<<<<

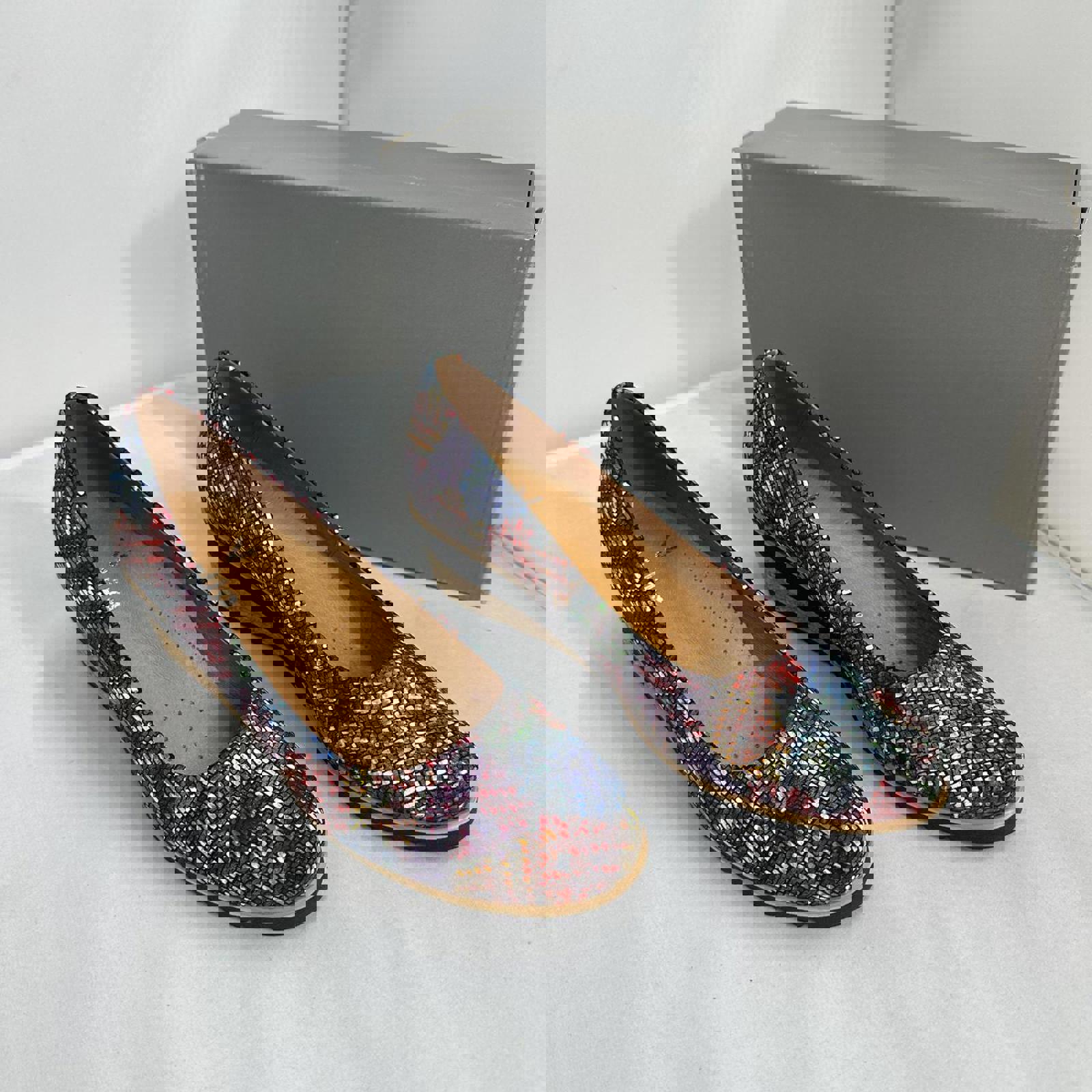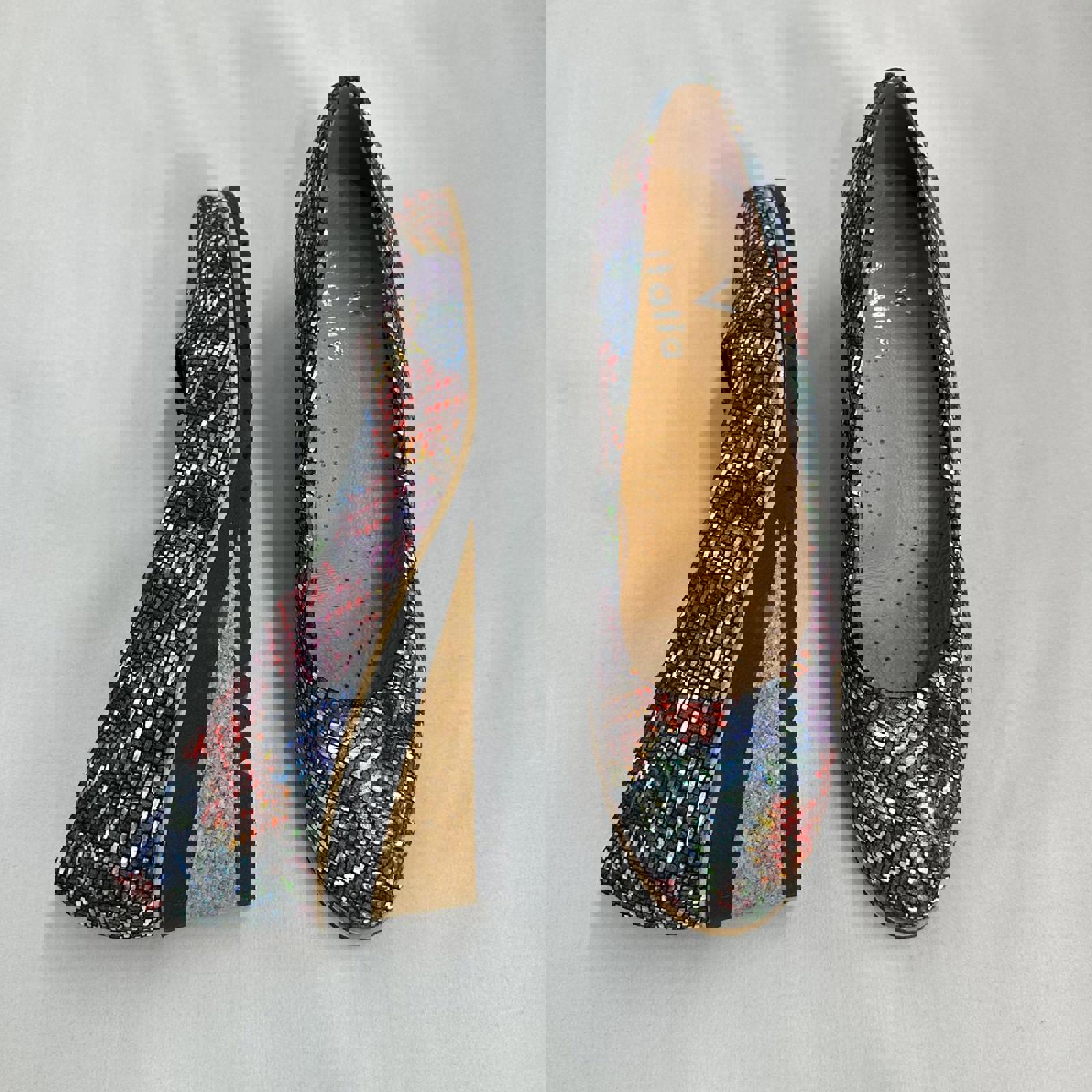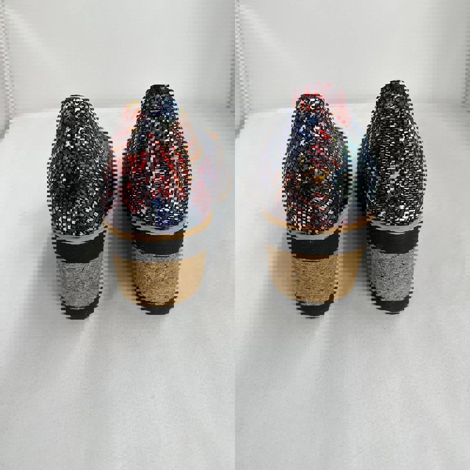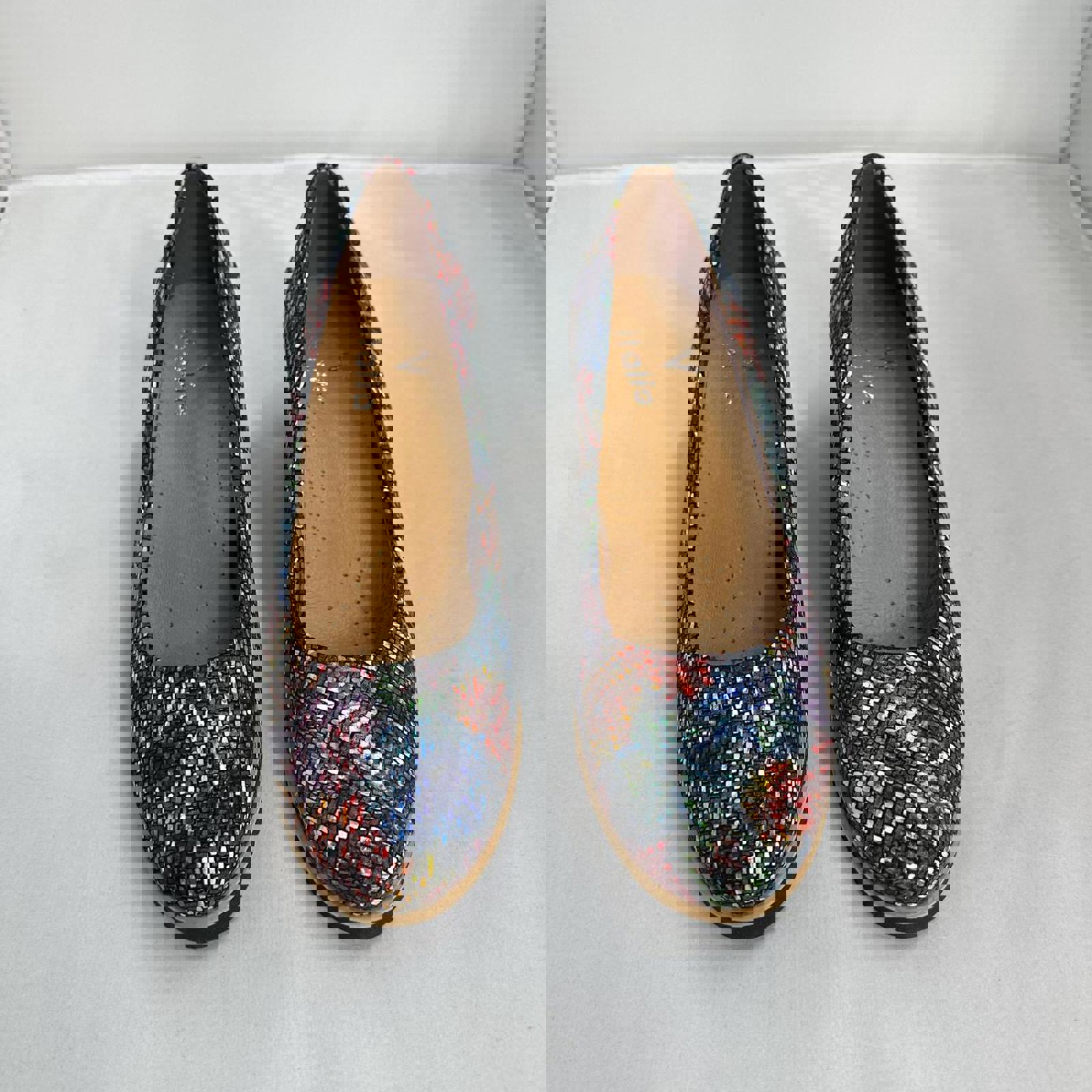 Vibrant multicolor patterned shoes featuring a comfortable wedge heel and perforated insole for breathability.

>>>>
<<<<

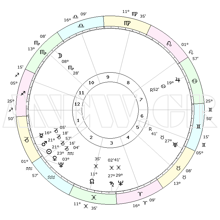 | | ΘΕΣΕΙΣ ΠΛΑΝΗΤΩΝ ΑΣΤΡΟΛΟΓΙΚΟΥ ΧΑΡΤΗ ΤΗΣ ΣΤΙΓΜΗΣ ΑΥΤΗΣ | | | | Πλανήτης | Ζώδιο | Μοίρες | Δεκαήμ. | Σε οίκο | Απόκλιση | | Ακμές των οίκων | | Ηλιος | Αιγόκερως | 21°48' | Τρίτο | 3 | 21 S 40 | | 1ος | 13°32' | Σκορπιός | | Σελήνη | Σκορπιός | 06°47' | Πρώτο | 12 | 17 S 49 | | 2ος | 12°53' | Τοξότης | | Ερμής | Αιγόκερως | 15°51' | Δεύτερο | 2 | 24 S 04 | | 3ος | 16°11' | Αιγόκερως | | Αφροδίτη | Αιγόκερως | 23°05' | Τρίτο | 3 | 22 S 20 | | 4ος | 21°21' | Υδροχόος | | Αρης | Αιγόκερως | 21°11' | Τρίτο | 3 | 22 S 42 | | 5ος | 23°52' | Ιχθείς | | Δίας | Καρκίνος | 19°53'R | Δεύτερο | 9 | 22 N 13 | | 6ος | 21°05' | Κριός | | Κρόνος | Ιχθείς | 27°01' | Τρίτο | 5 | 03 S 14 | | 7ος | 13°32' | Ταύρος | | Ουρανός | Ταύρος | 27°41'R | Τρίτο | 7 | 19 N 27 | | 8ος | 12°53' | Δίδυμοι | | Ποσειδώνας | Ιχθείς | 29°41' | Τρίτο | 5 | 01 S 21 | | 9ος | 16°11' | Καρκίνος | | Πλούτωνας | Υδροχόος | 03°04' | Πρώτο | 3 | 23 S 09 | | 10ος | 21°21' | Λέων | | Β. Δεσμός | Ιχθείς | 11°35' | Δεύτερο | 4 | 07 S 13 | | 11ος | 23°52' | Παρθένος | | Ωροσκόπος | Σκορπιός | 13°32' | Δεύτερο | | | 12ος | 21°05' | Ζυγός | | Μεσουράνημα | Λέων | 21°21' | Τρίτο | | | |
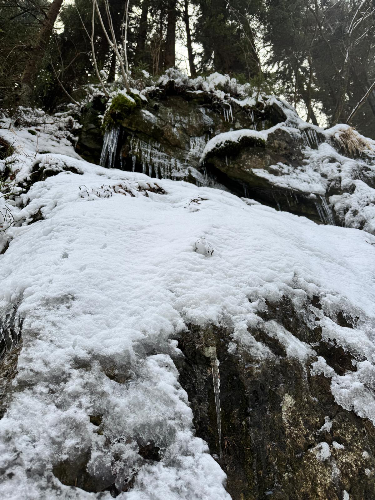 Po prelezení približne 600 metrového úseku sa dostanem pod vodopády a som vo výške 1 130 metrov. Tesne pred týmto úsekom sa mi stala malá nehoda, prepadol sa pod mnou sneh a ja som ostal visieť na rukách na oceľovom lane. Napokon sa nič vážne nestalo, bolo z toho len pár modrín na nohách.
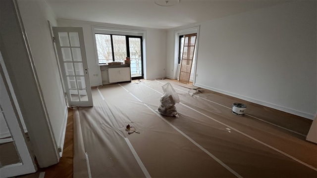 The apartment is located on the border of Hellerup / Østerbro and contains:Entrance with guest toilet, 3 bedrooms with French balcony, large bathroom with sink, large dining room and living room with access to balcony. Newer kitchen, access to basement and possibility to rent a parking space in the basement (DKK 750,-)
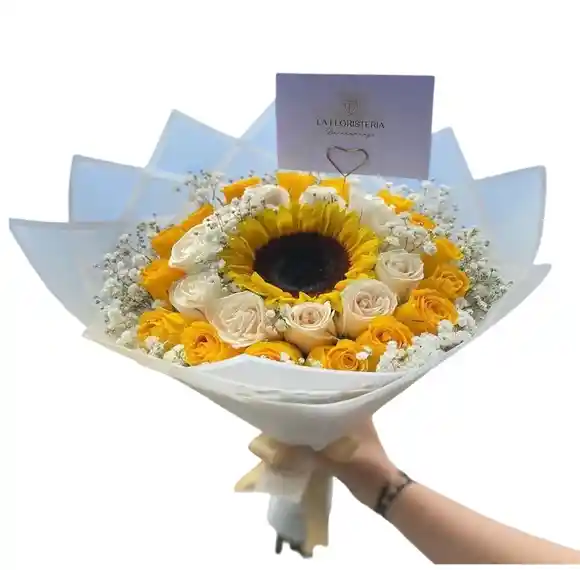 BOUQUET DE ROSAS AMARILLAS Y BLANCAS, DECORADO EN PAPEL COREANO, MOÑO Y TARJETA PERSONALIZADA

>>>>
<<<<

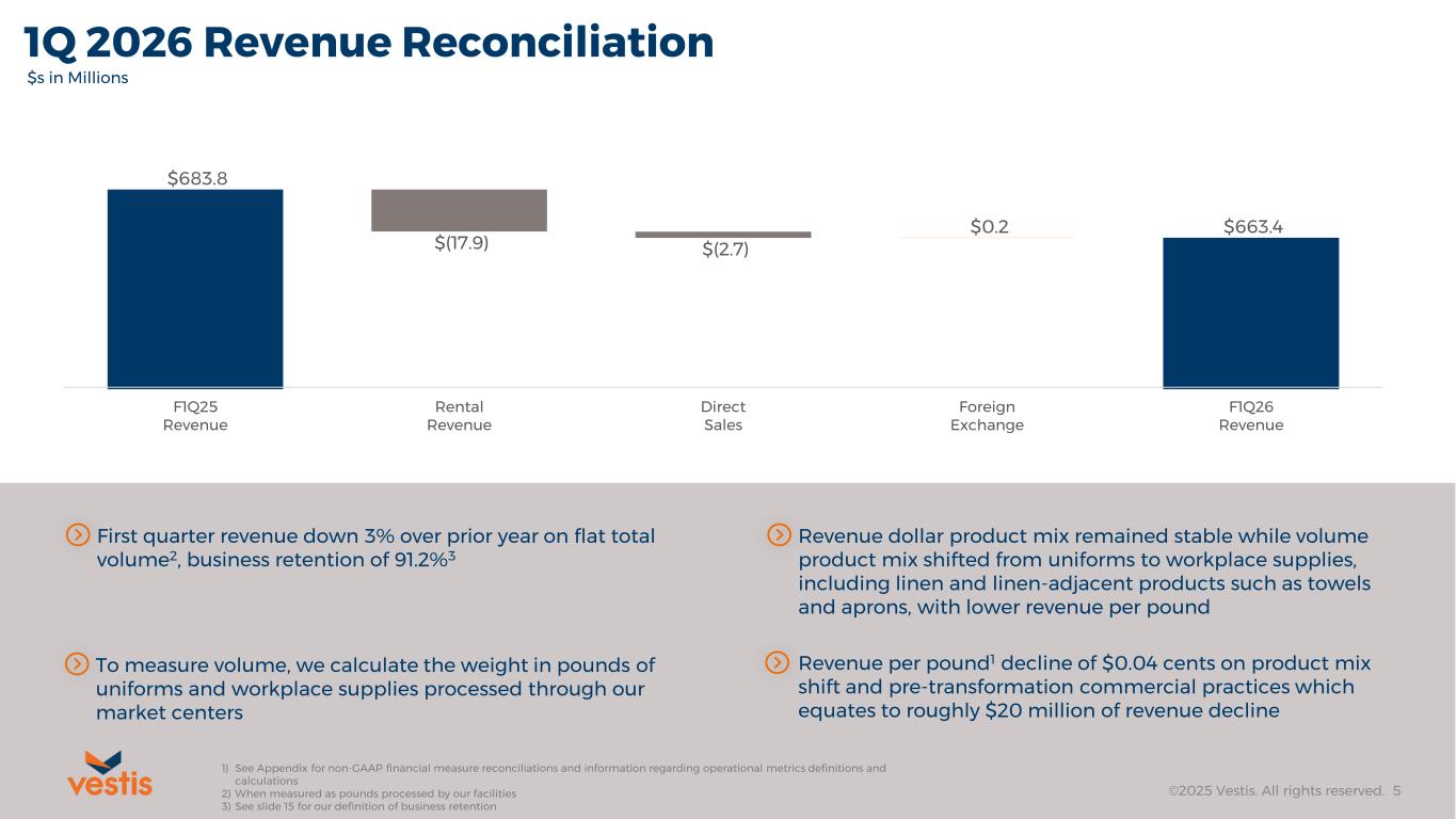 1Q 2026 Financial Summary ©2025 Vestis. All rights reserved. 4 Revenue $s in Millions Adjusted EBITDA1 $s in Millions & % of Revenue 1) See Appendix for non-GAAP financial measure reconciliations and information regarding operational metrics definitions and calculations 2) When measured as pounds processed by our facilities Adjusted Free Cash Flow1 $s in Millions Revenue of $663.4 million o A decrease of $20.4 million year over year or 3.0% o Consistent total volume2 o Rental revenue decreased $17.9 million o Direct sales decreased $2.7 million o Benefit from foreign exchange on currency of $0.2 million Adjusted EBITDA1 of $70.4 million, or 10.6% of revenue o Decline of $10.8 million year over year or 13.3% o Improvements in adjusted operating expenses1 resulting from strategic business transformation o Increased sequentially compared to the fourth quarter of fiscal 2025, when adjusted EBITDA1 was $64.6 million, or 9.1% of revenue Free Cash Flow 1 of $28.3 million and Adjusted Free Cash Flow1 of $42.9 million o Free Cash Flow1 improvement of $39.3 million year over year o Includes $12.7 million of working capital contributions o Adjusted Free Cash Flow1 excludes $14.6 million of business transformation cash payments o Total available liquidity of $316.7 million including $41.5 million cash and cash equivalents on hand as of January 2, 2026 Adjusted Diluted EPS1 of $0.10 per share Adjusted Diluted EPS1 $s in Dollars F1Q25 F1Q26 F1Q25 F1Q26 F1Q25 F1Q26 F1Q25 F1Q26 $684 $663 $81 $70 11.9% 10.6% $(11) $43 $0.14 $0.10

>>>>

Reproduce the listing above exactly from the line containing "The apartment is" up to and including the line containing "BOUQUET DE ROSAS", omitting any images and everything outside those lines.

 The apartment is located on the border of Hellerup / Østerbro and contains:Entrance with guest toilet, 3 bedrooms with French balcony, large bathroom with sink, large dining room and living room with access to balcony. Newer kitchen, access to basement and possibility to rent a parking space in the basement (DKK 750,-)
 BOUQUET DE ROSAS AMARILLAS Y BLANCAS, DECORADO EN PAPEL COREANO, MOÑO Y TARJETA PERSONALIZADA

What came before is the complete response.